• No results found

Research techniques employed in validation

3 Validation in language test development

3.5 Approaches to validation

3.5.4 Research techniques employed in validation

All the frameworks presented above offer guidelines on what to investigate in the process of validation inquiry, and how to organise the inquiry. They also mention research techniques for validation, which are discussed extensively in several theoretical presentations of validity. Cronbach (eg. 1990) and Messick (eg. 1989a, 1989b, 1995a), for instance, provide comprehensive discussion of possible techniques. A very similar range of techniques in the context of language testing is presented in several articles in Clapham & Corson (eds.) (1997), which give concrete examples of research with language tests where the techniques have been used.

Because of the history of the validity concept and the current focus in validity on score interpretations, many of the validation techniques are numerical and use test scores as the primary data. Correlation, however, encompasses only part of the analyses and indices involved. Internal correlations to discover relationships among items, and external correlations to investigate the relationships between the scores and other indicators of interest, are the most obvious. Connections to underlying dimensions which might stand for ability constructs are most commonly made through factor analysis. Score-based investigations, however, also include generalizability studies of interpretations across items, populations, and raters. Such studies take into consideration the test, the interpretation, and the population of test takers. Additional test-taker related investigations include the stability of scores over time and across different subgroups of test takers. Insights into the construct measured can be gained by keeping the group of test takers

constant and altering the testing conditions. Alternatively, the testing conditions can be kept constant, but the test taker group manipulated, for instance through providing extra training in the skills measured, or in test- taking skills; the latter in order to see if the scores can be influenced by coaching. Recent advances in quantitative validation techniques are reviewed in several chapters in Clapham & Corson (eds.) 1997, eg. Bachman, Bachman and Eignor, McNamara, and Pollitt).

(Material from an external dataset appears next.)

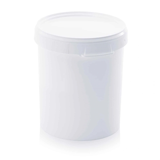 Hvid 32 L plastspand med låg. Spanden er lavet i materialet polypropylen og den er godkendt til fødevarer. Plastspanden har en indholdsbelastning på 48 kg. Plastikspandene er praktiske i køkken, kantine, på lager eller industri, til at opbevare forskellige fødevarer, væsker eller genstande. Alle spande kommer med låg. Bemærk at du ved nogle spande kan vælge mellem spande uden håndtag/bøjle, med plasthåndtag eller med metalbøjle med grebsrulle. Fandt du ikke et du søgte? Kontakt os på tlf. 71 99 50 10 eller via kontaktformularen. Vi sidder klar til at hjælpe.
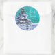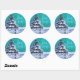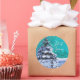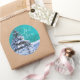 Snow laden evergreen in the snowfall. Says"Let it snow". Colours in turquoise, blues, green and white. Personalisation is optional.

Proposed techniques which use something else than scores as their primary data can be divided into three main groups: investigations of test content, processing, and test discourse which is assessed to arrive at the scores. The sole technique suggested for the validation of the content of a test is expert judgement. To elicit the judgements, test developers must produce a domain specification and a test specification against which the actual test forms can be judged. The judgements should concern both the relevance and the representativeness of the content of the test.

Techniques recommended for the analysis of processing are more varied, including think-alouds, retrospective interviews, questionnaires, computer modelling, and experimental control of sub-processes. Studies employing such techniques focus on the nature of the construct and the actions through which the assessment is realised, ie. Messick’s (1995) substantive aspect of validity. These studies often concentrate on test taker processing, which is understandable, because the score is assigned to the test taker, and it should say something about the test taker’s skills. As Banerjee and Luoma (1997) note, however, assessor processing has also begun to be investigated in tests which rely on human assessors.

Moreover, the language samples which the raters rate are also beginning to be analysed to provide an additional perspective on what it is that is being assessed. In language testing, such studies concern assessment of writing (eg. Bardovi-Harlig and Bofman 1989, Ginther and Grant 1997) and speaking (eg. Lazaraton 1992, 1996, O’Loughlin 1995, Ross 1992, Young 1995). The researchers usually approach their data from a conversation analysis or discourse analysis perspective, and often count and describe interesting instances of language use. Apart from characterising test discourse and facilitating construct-related inquiries of how it compares with non-test discourse, these studies offer useful material for testing boards because they allow them to assess the quality of their test and its implementation. They can investigate, for instance, whether the scale descriptors that they use actually correspond to the features of discourse found in the performance of examinees who are awarded each of the scores. They can also study whether the interlocutors act as instructed and

in a comparable manner with each other. The results may lead to minor or more major revisions in the testing procedures.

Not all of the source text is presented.